Directions — Could the listing be repeated exactly, with every picture dropped?

Data provided —
·····

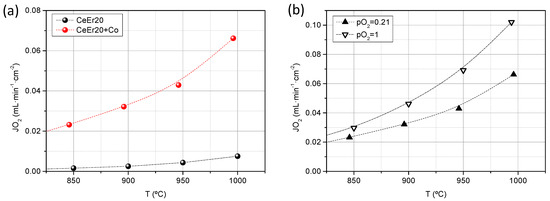 The influence of the O2 gradient through the membrane was evaluated by pure O2 as feed for the CeEr20 + Co sample. As it is observed in Figure 5b, O2 flux increases with the pO2 in the feed, i.e., pO2 gradient across the membrane, as it is postulated by the Wagner equation [34,35].
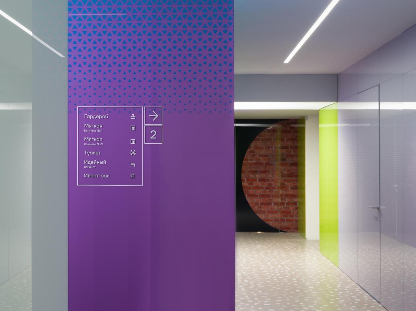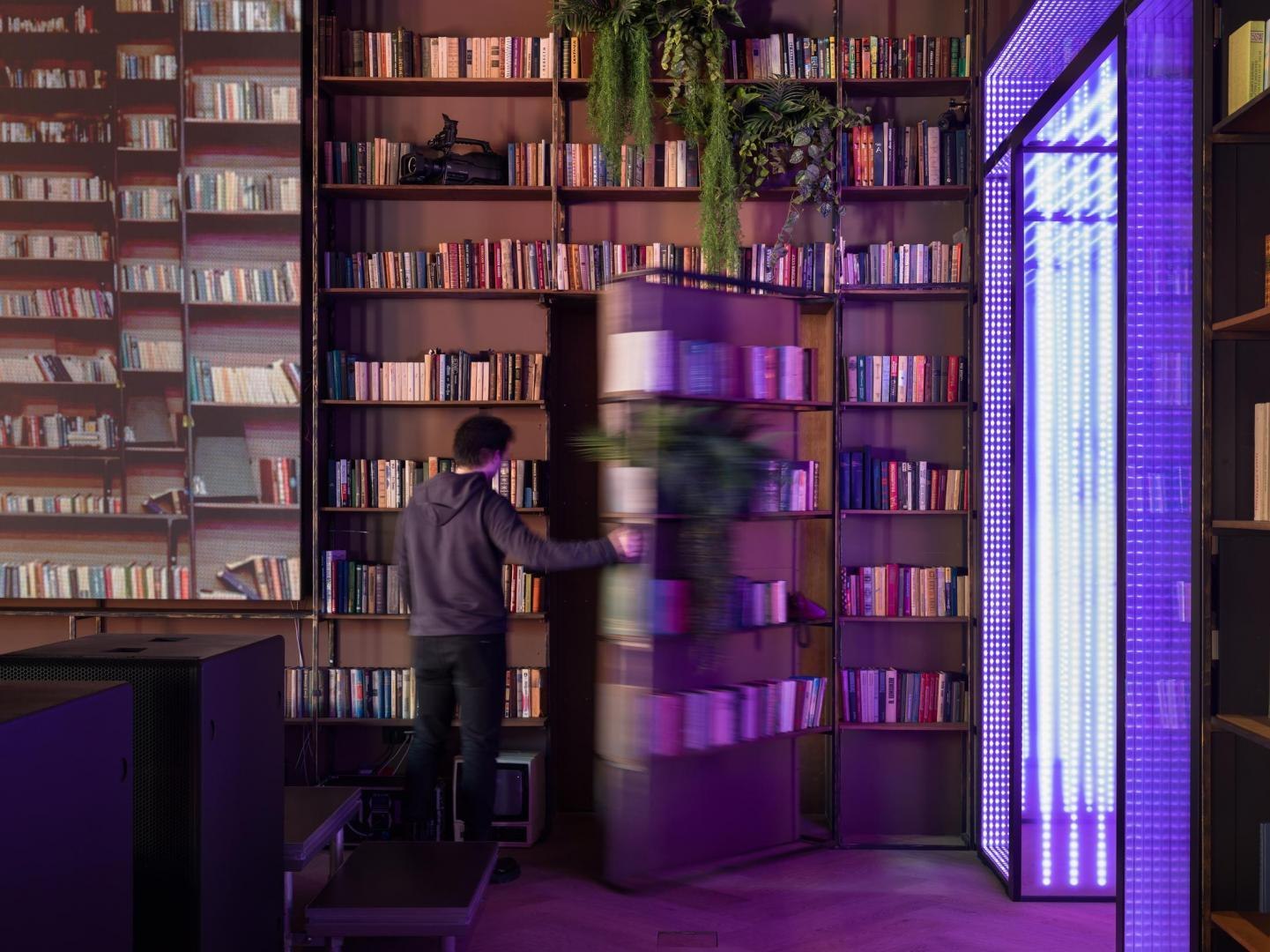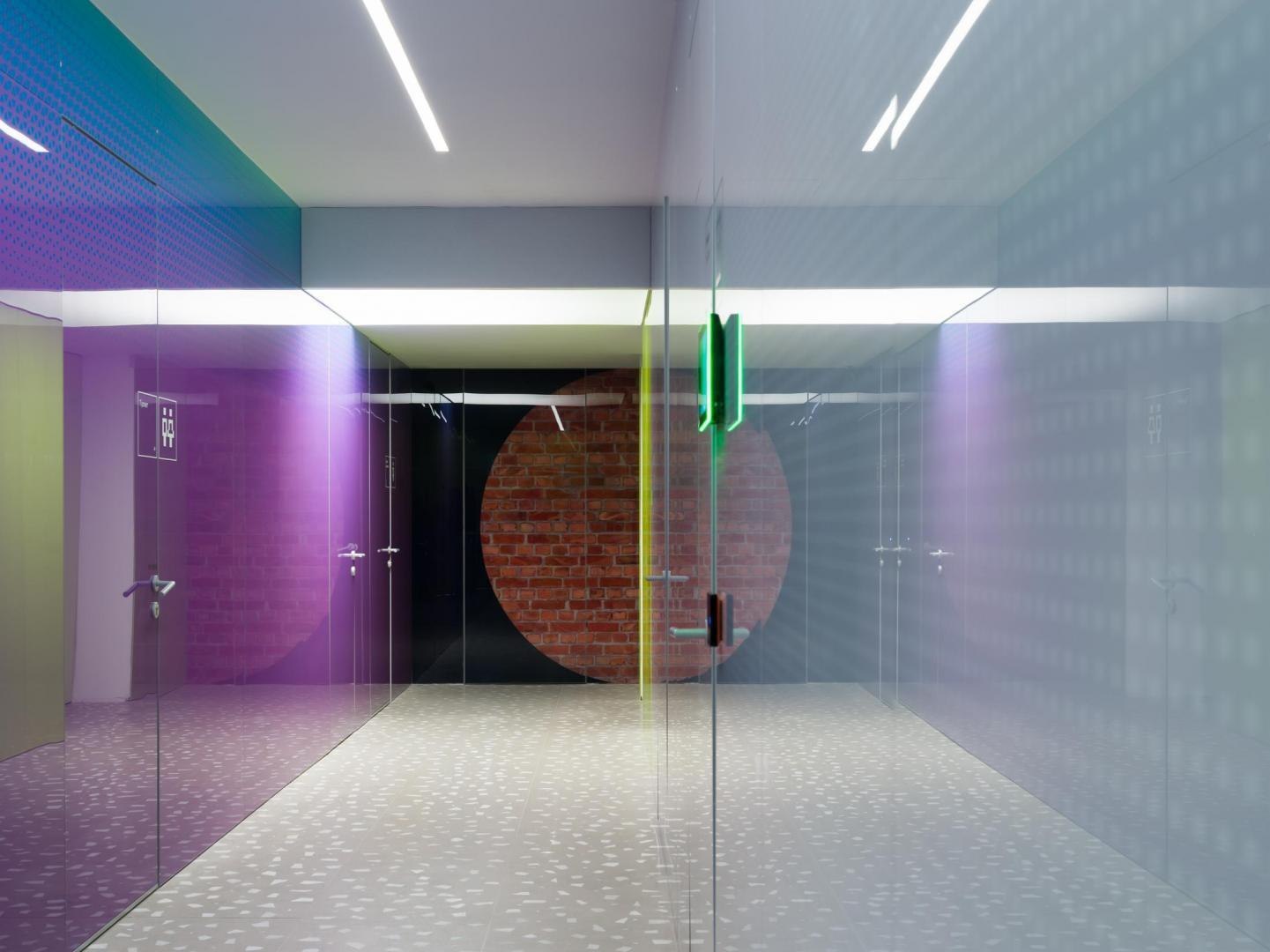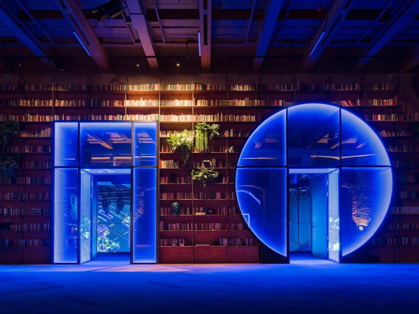 Переход из лобби первого этажа в киберполигон, выполненный компанией Sila Sveta, – еще одно прочтение глитч-эффекта: спроецированный на стены коридора рендер пространства лобби внезапно начинает закручиваться в вихрь световых линий и рассыпаться на пиксели. Мягкая поверхность пола усиливает чувство ухода из реальности в digital-вселенную. Переход из одного мира в другой открывается в обе стороны: в коридорах, которые ведут из цифрового пространства в аналоговое, настоящая кирпичная кладка становится напечатанным на стекле изображением, а в библиотеке лаунж-зоны порталы открываются в виде пиксельных экранов среди книг.
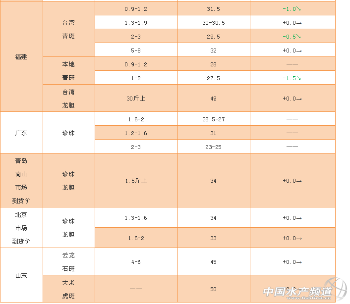 文/ 水產(chǎn)前沿 吳佳輝 石斑商品魚 海南:繼國慶節(jié)之后,市場消費量較低,許多養(yǎng)殖戶由于價格原因,出魚意愿不強,上市量也較少,價格與上周持平。 總體分析:今年海南紅東星斑的投苗量對比去年有較大程度提升,價格也穩(wěn)定在130元/斤左右。然而由于東星斑需要流水養(yǎng)殖,相比其他品種,對于環(huán)境的要求較為苛刻,且今年的病害問題較為嚴重,而市場需求量較高,總體來說價格比較穩(wěn)定。有養(yǎng)殖業(yè)者表示,如果成活率高,成本可維持在75元/斤左右,盈利空間較高。有業(yè)內(nèi)人士預計,如果能夠克服病害問題,紅東星斑將會有較好的發(fā)展。 石斑魚苗 廣東:珍珠8公分左右的中苗價格有所上漲,每公分0.9——1元。白苗1.5元每尾。湛江,粵西區(qū)有部分白苗上市。 斑石鯛·泥猛 特別感謝:海南晨海水產(chǎn)有限公司、海南大順發(fā)水產(chǎn)有限公司、萊州明波水產(chǎn)有限公司、廣東上上生物科技有限公司為本文提供價格! |

·····

Response to the task —
 The influence of the O2 gradient through the membrane was evaluated by pure O2 as feed for the CeEr20 + Co sample. As it is observed in Figure 5b, O2 flux increases with the pO2 in the feed, i.e., pO2 gradient across the membrane, as it is postulated by the Wagner equation [34,35].
 Переход из лобби первого этажа в киберполигон, выполненный компанией Sila Sveta, – еще одно прочтение глитч-эффекта: спроецированный на стены коридора рендер пространства лобби внезапно начинает закручиваться в вихрь световых линий и рассыпаться на пиксели. Мягкая поверхность пола усиливает чувство ухода из реальности в digital-вселенную. Переход из одного мира в другой открывается в обе стороны: в коридорах, которые ведут из цифрового пространства в аналоговое, настоящая кирпичная кладка становится напечатанным на стекле изображением, а в библиотеке лаунж-зоны порталы открываются в виде пиксельных экранов среди книг.
 文/ 水產(chǎn)前沿 吳佳輝 石斑商品魚 海南:繼國慶節(jié)之后,市場消費量較低,許多養(yǎng)殖戶由于價格原因,出魚意愿不強,上市量也較少,價格與上周持平。 總體分析:今年海南紅東星斑的投苗量對比去年有較大程度提升,價格也穩(wěn)定在130元/斤左右。然而由于東星斑需要流水養(yǎng)殖,相比其他品種,對于環(huán)境的要求較為苛刻,且今年的病害問題較為嚴重,而市場需求量較高,總體來說價格比較穩(wěn)定。有養(yǎng)殖業(yè)者表示,如果成活率高,成本可維持在75元/斤左右,盈利空間較高。有業(yè)內(nèi)人士預計,如果能夠克服病害問題,紅東星斑將會有較好的發(fā)展。 石斑魚苗 廣東:珍珠8公分左右的中苗價格有所上漲,每公分0.9——1元。白苗1.5元每尾。湛江,粵西區(qū)有部分白苗上市。 斑石鯛·泥猛 特別感謝:海南晨海水產(chǎn)有限公司、海南大順發(fā)水產(chǎn)有限公司、萊州明波水產(chǎn)有限公司、廣東上上生物科技有限公司為本文提供價格! |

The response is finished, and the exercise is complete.